▸ **INPUT RECORDS**
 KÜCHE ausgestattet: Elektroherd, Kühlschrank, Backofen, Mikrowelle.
==
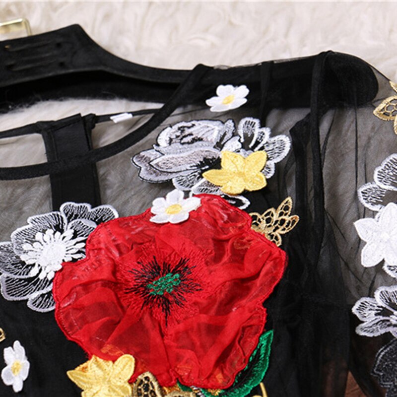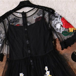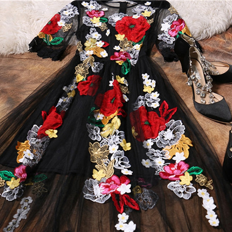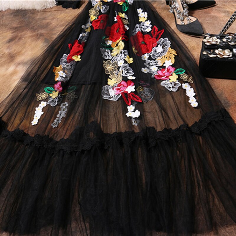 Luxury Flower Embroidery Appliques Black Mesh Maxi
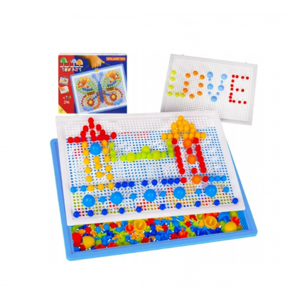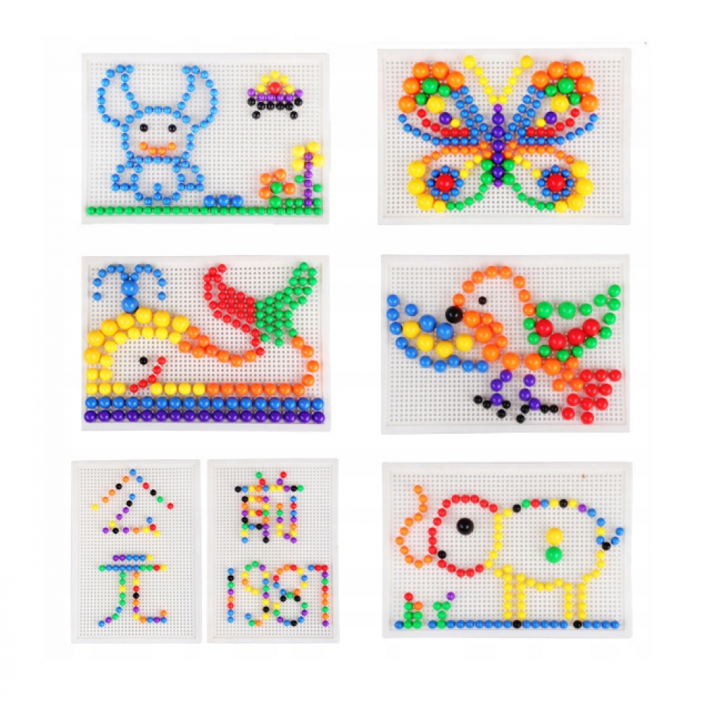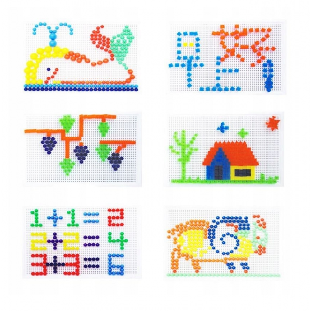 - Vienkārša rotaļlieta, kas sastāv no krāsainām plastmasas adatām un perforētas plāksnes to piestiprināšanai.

▸ **WORK REQUIRED**
Skipping the pictures, print the lines in the listing above exactly as written, starting at the line with "Luxury Flower Embroidery" and ending at the line with "- Vienkārša rotaļlieta, kas", both included.

▸ **ANSWER FOR THIS EXERCISE**
 Luxury Flower Embroidery Appliques Black Mesh Maxi
 - Vienkārša rotaļlieta, kas sastāv no krāsainām plastmasas adatām un perforētas plāksnes to piestiprināšanai.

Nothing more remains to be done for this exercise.